The key parameters in LoRA configuration:

• lora_alpha: Controls the scaling of the LoRA parameters. A value of 16 is a good starting point, balancing between the model's adaptability and its original knowledge retention.
• lora_dropout: Specifies the dropout rate for the LoRA layers, set at 0.1 to prevent overfitting.
• lora_r: Defines the rank of the adaptation, set at 64, indicating the size of the low-rank matrices.
• bias: Set to "none" to indicate that no bias is used in the LoRA adaptation.
• task_type: Specifies the type of task, in this case, "CAUSAL_LM" for causal language modeling.

• output_dir: The directory where the output files will be saved.
• per_device_train_batch_size: Batch size per device, set to 4 to balance between training speed and memory usage.
• gradient_accumulation_steps: Number of steps to accumulate gradients before updating model parameters.
• optim: Specifies the optimizer, using "paged_adamw_32bit" for efficient memory usage.
• logging_steps: Determines how often to log training information.
• learning_rate: The initial learning rate for training, with 1e-4 as a starting point.
• fp16: Enables mixed-precision training to reduce memory consumption.
• max_grad_norm: The maximum gradient norm for gradient clipping, preventing exploding gradients.
• max_steps: The total number of training steps.
• warmup_ratio: The proportion of training to perform linear learning rate warmup.
• group_by_length: Enables grouping of training data by length for more efficient padding.
• lr_scheduler_type: The type of learning rate scheduler to use, with options like "cosine" for cosine learning rate decay.

• Adjusting hyperparameters such as learning_rate, and lr_scheduler_type based on initial training outcomes can further optimize the fine-tuning process for better model performance.
• The choice between "cosine" and "constant" learning rate scheduler can impact the model's learning trajectory and final performance. Experimenting with both can help identify the most effective approach for your specific task and dataset.

model.push_to_hub('yourHF/model_name')
tokenizer.push_to_hub('yourHF/model_name')

The final part of the finetuning script is used to save to HuggingFace.

Directory contains scripts for fine-tuning the LLaMA model to process tabular data for anomaly detection tasks. The focus is on training the model to accurately identify and report anomalies within structured datasets.
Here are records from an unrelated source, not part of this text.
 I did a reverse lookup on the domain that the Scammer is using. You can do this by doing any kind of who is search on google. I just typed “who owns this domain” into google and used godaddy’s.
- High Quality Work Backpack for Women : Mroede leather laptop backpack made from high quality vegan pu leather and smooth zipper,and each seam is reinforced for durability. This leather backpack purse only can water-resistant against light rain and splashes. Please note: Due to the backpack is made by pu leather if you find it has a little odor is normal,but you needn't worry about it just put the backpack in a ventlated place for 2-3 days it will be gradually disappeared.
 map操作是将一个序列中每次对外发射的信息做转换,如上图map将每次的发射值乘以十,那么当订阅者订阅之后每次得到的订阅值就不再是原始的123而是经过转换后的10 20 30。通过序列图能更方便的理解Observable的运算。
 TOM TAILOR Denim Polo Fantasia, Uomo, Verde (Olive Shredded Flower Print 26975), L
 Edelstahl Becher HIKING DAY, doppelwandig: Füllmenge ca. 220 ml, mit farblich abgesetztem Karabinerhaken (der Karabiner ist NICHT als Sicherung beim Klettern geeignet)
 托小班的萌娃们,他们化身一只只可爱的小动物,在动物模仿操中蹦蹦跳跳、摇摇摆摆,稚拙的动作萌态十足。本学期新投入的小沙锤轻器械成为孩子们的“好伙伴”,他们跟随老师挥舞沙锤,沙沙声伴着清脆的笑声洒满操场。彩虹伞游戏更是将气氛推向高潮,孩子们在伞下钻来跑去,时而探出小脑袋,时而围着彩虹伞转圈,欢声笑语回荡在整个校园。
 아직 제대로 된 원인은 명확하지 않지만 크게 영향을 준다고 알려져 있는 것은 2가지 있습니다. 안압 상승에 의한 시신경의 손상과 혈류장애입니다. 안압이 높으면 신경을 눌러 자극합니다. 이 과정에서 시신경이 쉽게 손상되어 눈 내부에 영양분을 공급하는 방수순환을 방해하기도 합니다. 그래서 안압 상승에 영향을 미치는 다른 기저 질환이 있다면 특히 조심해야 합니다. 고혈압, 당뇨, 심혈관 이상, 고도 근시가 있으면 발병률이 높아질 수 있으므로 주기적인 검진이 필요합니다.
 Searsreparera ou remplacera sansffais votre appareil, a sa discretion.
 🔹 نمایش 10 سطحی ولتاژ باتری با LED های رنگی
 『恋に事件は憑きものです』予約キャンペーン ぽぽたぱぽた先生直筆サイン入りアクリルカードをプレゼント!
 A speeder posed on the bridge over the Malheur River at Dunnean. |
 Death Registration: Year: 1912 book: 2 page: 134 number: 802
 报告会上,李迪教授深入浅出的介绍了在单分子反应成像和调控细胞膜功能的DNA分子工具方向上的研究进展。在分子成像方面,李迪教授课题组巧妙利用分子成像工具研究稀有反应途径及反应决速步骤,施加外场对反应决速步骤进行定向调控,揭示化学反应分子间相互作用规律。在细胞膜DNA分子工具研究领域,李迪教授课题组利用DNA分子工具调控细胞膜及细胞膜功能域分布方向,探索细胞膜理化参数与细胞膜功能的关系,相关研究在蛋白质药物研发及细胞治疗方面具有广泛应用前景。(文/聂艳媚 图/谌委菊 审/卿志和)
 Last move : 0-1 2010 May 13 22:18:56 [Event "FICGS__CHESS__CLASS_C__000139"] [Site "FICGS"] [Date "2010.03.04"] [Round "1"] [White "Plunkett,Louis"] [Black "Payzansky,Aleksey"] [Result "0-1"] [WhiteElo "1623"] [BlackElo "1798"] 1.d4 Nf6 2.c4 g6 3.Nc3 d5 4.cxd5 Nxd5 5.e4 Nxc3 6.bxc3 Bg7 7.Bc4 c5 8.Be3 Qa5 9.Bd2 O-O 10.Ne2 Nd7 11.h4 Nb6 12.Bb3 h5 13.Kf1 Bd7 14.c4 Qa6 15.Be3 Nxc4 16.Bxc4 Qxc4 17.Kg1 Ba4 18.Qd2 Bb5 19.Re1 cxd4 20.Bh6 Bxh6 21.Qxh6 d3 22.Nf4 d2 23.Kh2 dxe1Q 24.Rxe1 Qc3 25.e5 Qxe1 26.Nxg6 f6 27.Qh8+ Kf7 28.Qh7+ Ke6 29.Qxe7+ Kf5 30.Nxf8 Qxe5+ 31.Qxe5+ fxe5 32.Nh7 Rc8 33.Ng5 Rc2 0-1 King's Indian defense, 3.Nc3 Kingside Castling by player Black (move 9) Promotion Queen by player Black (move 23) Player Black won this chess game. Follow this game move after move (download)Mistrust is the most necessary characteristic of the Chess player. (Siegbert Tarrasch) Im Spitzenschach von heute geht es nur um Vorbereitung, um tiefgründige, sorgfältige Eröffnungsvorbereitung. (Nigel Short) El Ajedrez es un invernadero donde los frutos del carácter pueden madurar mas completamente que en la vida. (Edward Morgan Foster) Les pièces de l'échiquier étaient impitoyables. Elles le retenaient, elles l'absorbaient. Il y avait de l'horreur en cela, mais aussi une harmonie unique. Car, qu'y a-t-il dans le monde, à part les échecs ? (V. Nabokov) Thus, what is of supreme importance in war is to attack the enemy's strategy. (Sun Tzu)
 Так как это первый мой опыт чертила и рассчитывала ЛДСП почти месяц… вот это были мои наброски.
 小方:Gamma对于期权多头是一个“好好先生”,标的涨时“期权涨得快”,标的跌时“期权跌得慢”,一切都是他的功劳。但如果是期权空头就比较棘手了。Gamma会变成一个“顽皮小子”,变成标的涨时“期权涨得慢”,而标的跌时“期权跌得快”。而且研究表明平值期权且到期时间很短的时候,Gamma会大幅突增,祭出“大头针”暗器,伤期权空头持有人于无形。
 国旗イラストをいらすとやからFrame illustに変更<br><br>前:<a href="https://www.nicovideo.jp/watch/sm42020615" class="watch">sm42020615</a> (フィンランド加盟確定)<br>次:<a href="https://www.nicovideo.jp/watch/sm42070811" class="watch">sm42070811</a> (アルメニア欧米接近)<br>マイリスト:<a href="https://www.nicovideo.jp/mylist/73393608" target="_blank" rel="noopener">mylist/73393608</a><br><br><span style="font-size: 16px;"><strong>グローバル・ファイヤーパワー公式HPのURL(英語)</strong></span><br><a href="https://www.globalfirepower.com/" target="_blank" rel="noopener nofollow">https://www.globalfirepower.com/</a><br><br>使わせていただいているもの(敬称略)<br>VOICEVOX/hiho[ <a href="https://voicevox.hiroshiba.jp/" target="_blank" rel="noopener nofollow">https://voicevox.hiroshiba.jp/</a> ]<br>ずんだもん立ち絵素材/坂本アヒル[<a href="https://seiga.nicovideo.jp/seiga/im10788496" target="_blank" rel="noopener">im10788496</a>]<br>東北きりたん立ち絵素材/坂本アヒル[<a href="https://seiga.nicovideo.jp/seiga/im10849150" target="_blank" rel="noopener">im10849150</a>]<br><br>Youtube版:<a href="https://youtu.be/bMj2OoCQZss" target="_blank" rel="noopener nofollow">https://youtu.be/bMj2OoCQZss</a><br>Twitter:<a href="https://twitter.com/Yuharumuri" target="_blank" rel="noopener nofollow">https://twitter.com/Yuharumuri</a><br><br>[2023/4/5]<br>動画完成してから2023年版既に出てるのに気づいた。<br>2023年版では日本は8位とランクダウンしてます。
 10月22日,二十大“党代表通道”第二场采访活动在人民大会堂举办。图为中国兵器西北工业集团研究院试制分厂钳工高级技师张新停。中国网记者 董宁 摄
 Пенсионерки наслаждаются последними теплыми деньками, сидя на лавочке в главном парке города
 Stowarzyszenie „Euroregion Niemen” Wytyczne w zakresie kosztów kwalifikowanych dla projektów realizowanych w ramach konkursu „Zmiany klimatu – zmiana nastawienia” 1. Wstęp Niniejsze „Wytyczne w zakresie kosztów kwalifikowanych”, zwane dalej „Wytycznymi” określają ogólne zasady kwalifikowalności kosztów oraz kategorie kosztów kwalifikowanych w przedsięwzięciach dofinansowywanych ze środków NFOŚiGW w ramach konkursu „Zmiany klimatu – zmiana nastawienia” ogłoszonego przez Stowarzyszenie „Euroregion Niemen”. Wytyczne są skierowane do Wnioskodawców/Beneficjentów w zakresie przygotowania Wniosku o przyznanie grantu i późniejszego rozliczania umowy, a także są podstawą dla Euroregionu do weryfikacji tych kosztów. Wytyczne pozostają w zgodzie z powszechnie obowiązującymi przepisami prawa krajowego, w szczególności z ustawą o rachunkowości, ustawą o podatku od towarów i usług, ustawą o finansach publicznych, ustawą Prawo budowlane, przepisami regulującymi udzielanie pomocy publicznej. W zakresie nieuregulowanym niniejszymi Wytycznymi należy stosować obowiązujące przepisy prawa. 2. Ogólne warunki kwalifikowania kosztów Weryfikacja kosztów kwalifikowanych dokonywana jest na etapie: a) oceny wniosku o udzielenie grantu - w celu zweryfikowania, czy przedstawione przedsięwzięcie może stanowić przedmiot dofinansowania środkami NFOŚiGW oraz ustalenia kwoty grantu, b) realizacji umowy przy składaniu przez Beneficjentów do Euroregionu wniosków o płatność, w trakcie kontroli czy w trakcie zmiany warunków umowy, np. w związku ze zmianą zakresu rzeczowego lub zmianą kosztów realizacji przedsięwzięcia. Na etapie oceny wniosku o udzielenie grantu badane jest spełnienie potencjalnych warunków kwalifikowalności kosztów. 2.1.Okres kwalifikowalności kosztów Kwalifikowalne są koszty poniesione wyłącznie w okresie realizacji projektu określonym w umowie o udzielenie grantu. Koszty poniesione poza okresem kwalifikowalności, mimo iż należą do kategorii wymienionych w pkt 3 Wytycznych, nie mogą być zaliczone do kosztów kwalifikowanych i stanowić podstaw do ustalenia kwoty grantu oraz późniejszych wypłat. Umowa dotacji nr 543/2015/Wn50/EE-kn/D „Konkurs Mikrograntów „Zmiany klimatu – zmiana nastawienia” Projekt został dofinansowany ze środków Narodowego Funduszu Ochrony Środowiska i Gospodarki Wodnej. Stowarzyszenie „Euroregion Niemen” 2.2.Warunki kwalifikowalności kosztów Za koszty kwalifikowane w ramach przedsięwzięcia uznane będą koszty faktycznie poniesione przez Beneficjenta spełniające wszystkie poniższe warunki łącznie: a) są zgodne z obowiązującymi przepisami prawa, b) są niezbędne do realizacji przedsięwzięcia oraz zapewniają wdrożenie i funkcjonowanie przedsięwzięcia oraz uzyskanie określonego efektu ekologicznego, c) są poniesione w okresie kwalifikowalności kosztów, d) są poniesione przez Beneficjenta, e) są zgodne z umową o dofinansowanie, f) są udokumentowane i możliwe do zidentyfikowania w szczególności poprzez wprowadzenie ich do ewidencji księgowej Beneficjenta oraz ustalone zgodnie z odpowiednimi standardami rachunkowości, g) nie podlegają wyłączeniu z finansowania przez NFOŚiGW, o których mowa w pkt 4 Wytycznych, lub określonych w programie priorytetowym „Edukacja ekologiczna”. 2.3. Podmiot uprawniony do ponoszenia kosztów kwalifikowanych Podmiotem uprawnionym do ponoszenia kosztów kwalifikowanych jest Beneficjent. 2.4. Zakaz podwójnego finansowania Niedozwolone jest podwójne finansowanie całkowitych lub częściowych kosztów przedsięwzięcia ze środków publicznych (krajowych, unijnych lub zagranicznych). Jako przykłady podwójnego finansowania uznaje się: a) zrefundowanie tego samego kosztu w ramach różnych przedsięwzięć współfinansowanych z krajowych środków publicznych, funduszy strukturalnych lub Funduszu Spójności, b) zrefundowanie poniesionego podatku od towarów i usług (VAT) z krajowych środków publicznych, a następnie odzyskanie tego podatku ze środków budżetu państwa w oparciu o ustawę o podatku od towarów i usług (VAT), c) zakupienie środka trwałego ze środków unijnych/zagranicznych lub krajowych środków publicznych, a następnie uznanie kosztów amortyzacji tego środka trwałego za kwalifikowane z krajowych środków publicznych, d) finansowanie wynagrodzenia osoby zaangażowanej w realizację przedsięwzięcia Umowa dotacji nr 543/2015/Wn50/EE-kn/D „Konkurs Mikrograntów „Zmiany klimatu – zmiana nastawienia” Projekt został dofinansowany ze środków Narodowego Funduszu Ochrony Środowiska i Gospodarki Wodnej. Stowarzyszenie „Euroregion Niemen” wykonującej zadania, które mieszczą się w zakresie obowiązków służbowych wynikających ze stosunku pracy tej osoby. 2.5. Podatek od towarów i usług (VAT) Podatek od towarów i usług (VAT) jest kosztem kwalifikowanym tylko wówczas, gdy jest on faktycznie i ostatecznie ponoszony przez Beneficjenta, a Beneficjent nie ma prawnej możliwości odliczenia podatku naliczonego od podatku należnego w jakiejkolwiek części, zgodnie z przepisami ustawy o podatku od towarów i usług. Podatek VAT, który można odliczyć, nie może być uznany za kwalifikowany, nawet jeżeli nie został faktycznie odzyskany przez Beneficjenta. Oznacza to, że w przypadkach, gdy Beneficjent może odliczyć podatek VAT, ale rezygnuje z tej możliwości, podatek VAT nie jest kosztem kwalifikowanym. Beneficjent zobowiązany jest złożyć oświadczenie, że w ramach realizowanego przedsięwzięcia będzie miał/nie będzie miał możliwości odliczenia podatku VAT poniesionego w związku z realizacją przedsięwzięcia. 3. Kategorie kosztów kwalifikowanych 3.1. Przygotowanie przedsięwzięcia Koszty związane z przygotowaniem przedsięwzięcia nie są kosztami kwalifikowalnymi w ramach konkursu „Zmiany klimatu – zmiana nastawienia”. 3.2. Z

The BGP features were extracted from a different repository: BGP_data_analysis. THe scripts are intended to enhance the model’s capabilities in handling tabular data, making it proficient in tasks such as anomaly detection. The tabular data are preprocessed into the following format:

[TAB] col: | timestamp | asn | num_routes | num_new_routes | num_withdrawals | num_origin_changes | num_route_changes | max_path_length | avg_path_length | max_edit_distance | avg_edit_distance | num_announcements | num_unique_prefixes_announced | row 1: | 2022-03-28 09:35:00 | 8342.0 | 0.0 | 0.0 | 0.0 | 0.0 | 0.0 | 0.0 | 0.0 | 0.0 | 0.0 | 0.0 | 0.0 |

Evaluation directory contains evaluation scripts. The script begins by loading the fine-tuned LLaMA model, preparing it for the evaluation process. It includes procedures to feed prompts to the model and the model's response based on the prompts. In addition, the script contains specialized code to evaluate the model's knowledge of BGP. This evaluation focuses on the accuracy of the model's responses to BGP-related prompts.